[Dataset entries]
/---

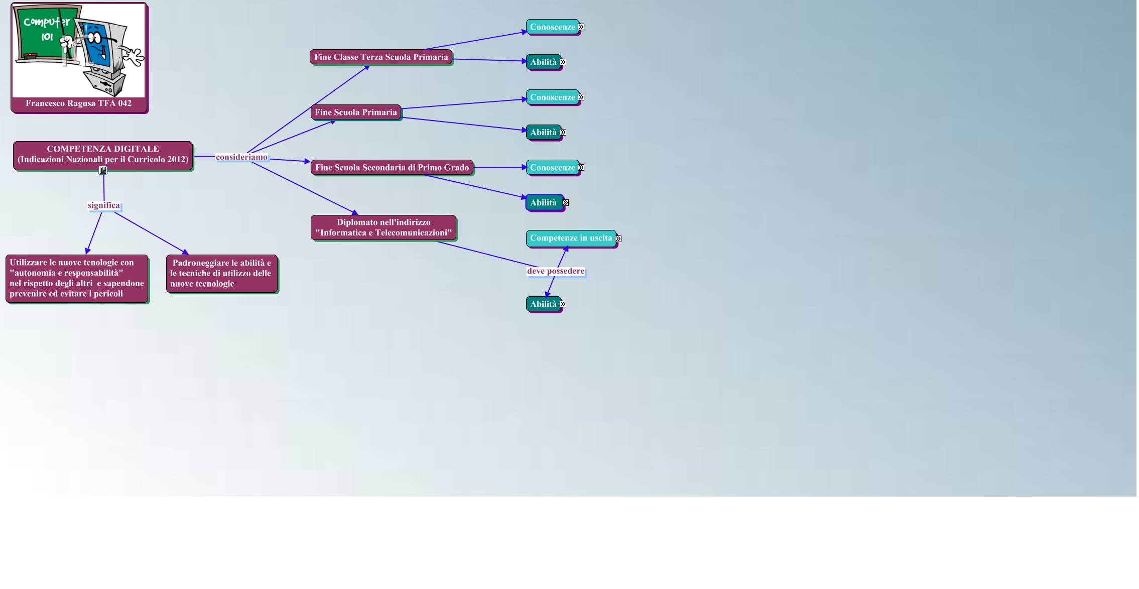 Questa Cmap, creata con IHMC CmapTools, contiene informazioni relative a: LABORATORIO DI DIDATTICA-FRANCESCO RAGUSA, Conoscenze Semplici applicazioni tecnologiche quotidiane e relative modalità di funzionamento, COMPETENZA DIGITALE (Indicazioni Nazionali per il Curricolo 2012) consideriamo Fine Scuola Primaria, Competenze in uscita Gestire progetti secondo le procedure e gli standard previsti dai sistemi aziendali di gestione della qualità e della sicurezza., Conoscenze Procedure di utilizzo di reti informatiche per ottenere dati, fare ricerche, comunicare, Abilità Utilizzare il PC, periferiche e programmi applicativi, COMPETENZA DIGITALE (Indicazioni Nazionali per il Curricolo 2012) consideriamo Fine Scuola Secondaria di Primo Grado, Conoscenze Semplici procedure di utilizzo di Internet per ottenere dati, fare ricerche, comunicare, Fine Scuola Secondaria di Primo Grado Abilità, Competenze in uscita Configurare, installare e gestire sistemi di elaborazione dati e reti., Abilità Utilizzare nelle funzioni principali televisore, video, telefono e telefonino, Conoscenze Rischi fisici nell’utilizzo di apparecchi elettrici ed elettronici, COMPETENZA DIGITALE (Indicazioni Nazionali per il Curricolo 2012) consideriamo Fine Classe Terza Scuola Primaria, Abilità Collegare le modalità di funzionamento dei dispositivi elettronici con le conoscenze scientifiche e tecniche acquisite., Conoscenze Rischi fisici nell’utilizzo di apparecchi elettrici ed elettronici, Abilità Utilizzare il PC, con la supervisione dell’insegnante, per scrivere compilare tabelle;, Abilità Individuare alcuni rischi fisici nell’uso di apparecchiature elettriche ed elettroniche e ipotizzare soluzioni preventive, Abilità Utilizzare materiali digitali per l’apprendimento, Abilità Utilizzare strumenti informatici e di comunicazione per elaborare dati, testi e immagini e produrre documenti in diverse situazioni., Competenze in uscita Scegliere dispositivi e strumenti in base alle loro caratteristiche funzionali, COMPETENZA DIGITALE (Indicazioni Nazionali per il Curricolo 2012) consideriamo Diplomato nell'indirizzo "Informatica e Telecomunicazioni"
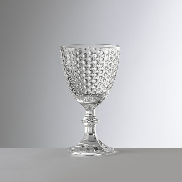 Combining a luxurious look with endless practicality, the Sancho Water Glass features an enticing and tactile pattern composed of a raised, dotted motif that recalls traditional styles, while its bold shape puts this piece squarely in the modern. Specially designed to depict casual elegance, the Sancho is a spaciously-sized tumbler; attractively aesthetic, easy to hold, and pleasing to use.
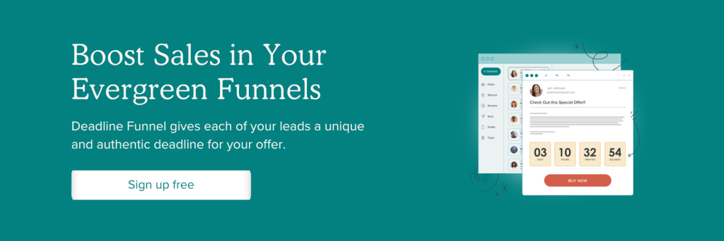 With Deadline Funnel you can add a natural, non-invasive sense of urgency to your email campaigns and landing pages. Sign up for our free trial and see the difference for yourself!
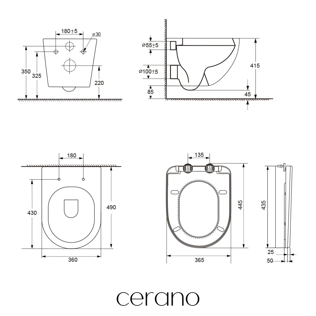 Závěsné WC mísy Cerano se snadno montují a díky standartní rozteči uchycení ,jsou kompatibilní s moduly Cerano ,tak i od značek jako Geberit, Grohe, Alcadrain , Jika, Tece aj.
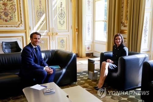 epa09957863 French President Emmanuel Macron (L) and Moldovan President Maia Sandu pose during their meeting at the Elysee Palace in Paris, France, 19 May 2022. The President of Moldova is on a one day working vist to France. EPA/LUDOVIC MARIN / POOL MAXPPP OUT
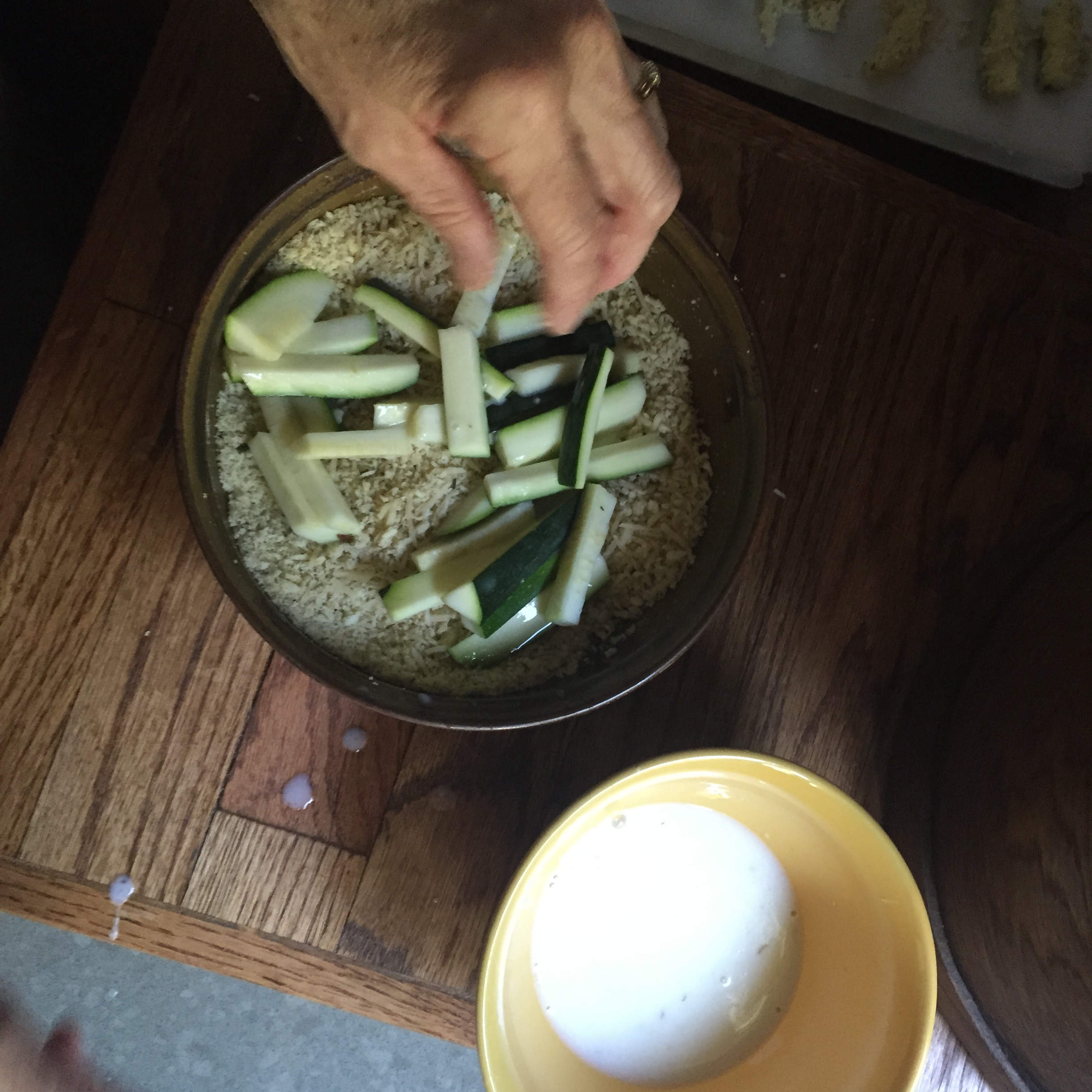 In one bowl, combine your bread crumbs, parmesan, salt, and pepper. In a second bowl, combine the milk and egg whites. Dip the zucchini sticks into the milk mixture, and then cover in the bread crumb mixture.
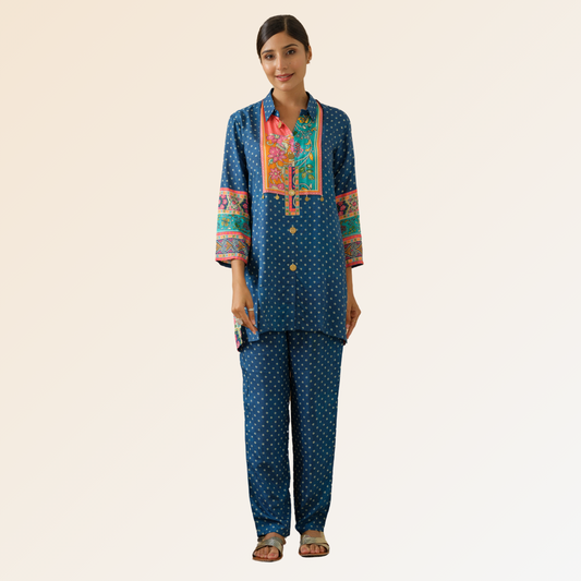 Sold out BestsellerBlue Bandhani Print Muslin Co-Ord Set
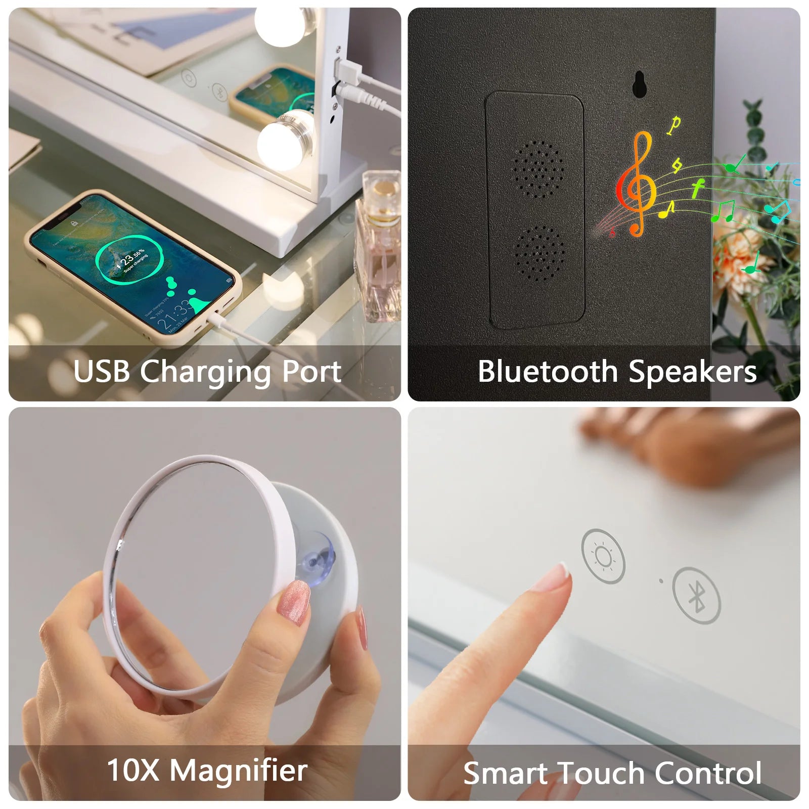 Large Bluetooth Vanity Mirror Makeup Mirror with Lights Hollywood Mirror Touchscreen Control Cosmetic Mirrors with 15 LED Bulbs
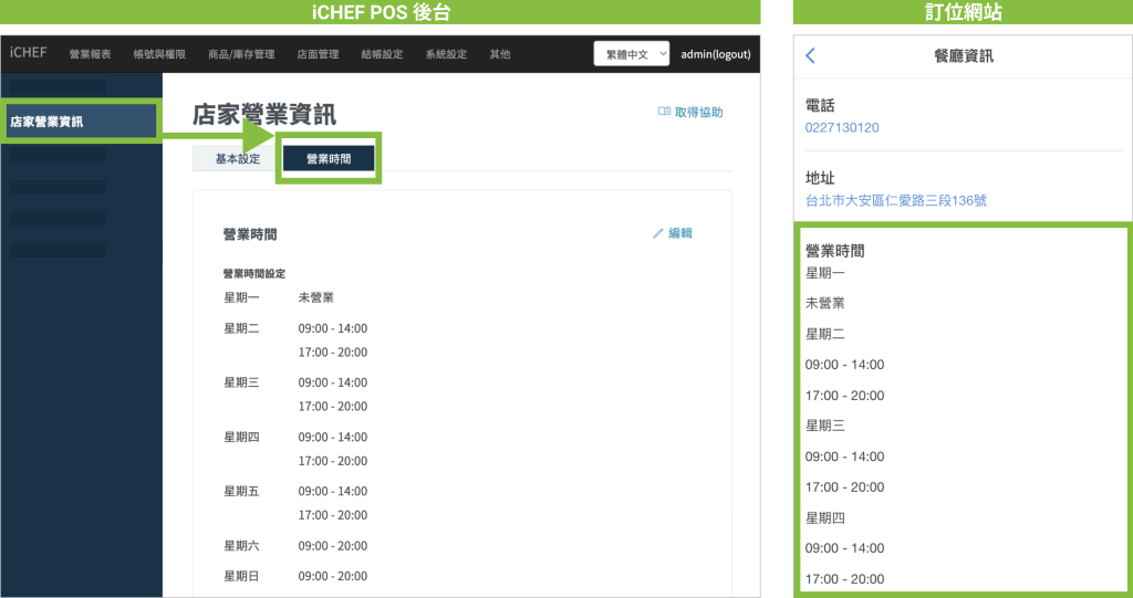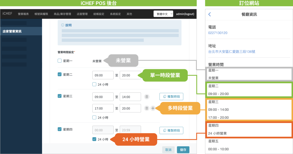 「營業時間」為餐廳的每日固定的營業時間範圍(非可預約用餐時段),儲存設定後會即時更新,顯示在訂位網站的「餐廳資訊」中。
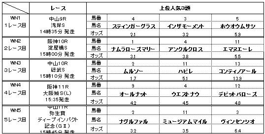 それでは、前日オッズを確認しておきましょう。なお、中山開催分はJRAのオッズ情報がないので、推定値を入れていますので、ご了承願います。

\---

Task goal = Transcribe every entry above exactly as it stands, but skip the images.

Result of this exercise =
 Questa Cmap, creata con IHMC CmapTools, contiene informazioni relative a: LABORATORIO DI DIDATTICA-FRANCESCO RAGUSA, Conoscenze Semplici applicazioni tecnologiche quotidiane e relative modalità di funzionamento, COMPETENZA DIGITALE (Indicazioni Nazionali per il Curricolo 2012) consideriamo Fine Scuola Primaria, Competenze in uscita Gestire progetti secondo le procedure e gli standard previsti dai sistemi aziendali di gestione della qualità e della sicurezza., Conoscenze Procedure di utilizzo di reti informatiche per ottenere dati, fare ricerche, comunicare, Abilità Utilizzare il PC, periferiche e programmi applicativi, COMPETENZA DIGITALE (Indicazioni Nazionali per il Curricolo 2012) consideriamo Fine Scuola Secondaria di Primo Grado, Conoscenze Semplici procedure di utilizzo di Internet per ottenere dati, fare ricerche, comunicare, Fine Scuola Secondaria di Primo Grado Abilità, Competenze in uscita Configurare, installare e gestire sistemi di elaborazione dati e reti., Abilità Utilizzare nelle funzioni principali televisore, video, telefono e telefonino, Conoscenze Rischi fisici nell’utilizzo di apparecchi elettrici ed elettronici, COMPETENZA DIGITALE (Indicazioni Nazionali per il Curricolo 2012) consideriamo Fine Classe Terza Scuola Primaria, Abilità Collegare le modalità di funzionamento dei dispositivi elettronici con le conoscenze scientifiche e tecniche acquisite., Conoscenze Rischi fisici nell’utilizzo di apparecchi elettrici ed elettronici, Abilità Utilizzare il PC, con la supervisione dell’insegnante, per scrivere compilare tabelle;, Abilità Individuare alcuni rischi fisici nell’uso di apparecchiature elettriche ed elettroniche e ipotizzare soluzioni preventive, Abilità Utilizzare materiali digitali per l’apprendimento, Abilità Utilizzare strumenti informatici e di comunicazione per elaborare dati, testi e immagini e produrre documenti in diverse situazioni., Competenze in uscita Scegliere dispositivi e strumenti in base alle loro caratteristiche funzionali, COMPETENZA DIGITALE (Indicazioni Nazionali per il Curricolo 2012) consideriamo Diplomato nell'indirizzo "Informatica e Telecomunicazioni"
 Combining a luxurious look with endless practicality, the Sancho Water Glass features an enticing and tactile pattern composed of a raised, dotted motif that recalls traditional styles, while its bold shape puts this piece squarely in the modern. Specially designed to depict casual elegance, the Sancho is a spaciously-sized tumbler; attractively aesthetic, easy to hold, and pleasing to use.
 With Deadline Funnel you can add a natural, non-invasive sense of urgency to your email campaigns and landing pages. Sign up for our free trial and see the difference for yourself!
 Závěsné WC mísy Cerano se snadno montují a díky standartní rozteči uchycení ,jsou kompatibilní s moduly Cerano ,tak i od značek jako Geberit, Grohe, Alcadrain , Jika, Tece aj.
 epa09957863 French President Emmanuel Macron (L) and Moldovan President Maia Sandu pose during their meeting at the Elysee Palace in Paris, France, 19 May 2022. The President of Moldova is on a one day working vist to France. EPA/LUDOVIC MARIN / POOL MAXPPP OUT
 In one bowl, combine your bread crumbs, parmesan, salt, and pepper. In a second bowl, combine the milk and egg whites. Dip the zucchini sticks into the milk mixture, and then cover in the bread crumb mixture.
 Sold out BestsellerBlue Bandhani Print Muslin Co-Ord Set
 Large Bluetooth Vanity Mirror Makeup Mirror with Lights Hollywood Mirror Touchscreen Control Cosmetic Mirrors with 15 LED Bulbs
 「營業時間」為餐廳的每日固定的營業時間範圍(非可預約用餐時段),儲存設定後會即時更新,顯示在訂位網站的「餐廳資訊」中。
 それでは、前日オッズを確認しておきましょう。なお、中山開催分はJRAのオッズ情報がないので、推定値を入れていますので、ご了承願います。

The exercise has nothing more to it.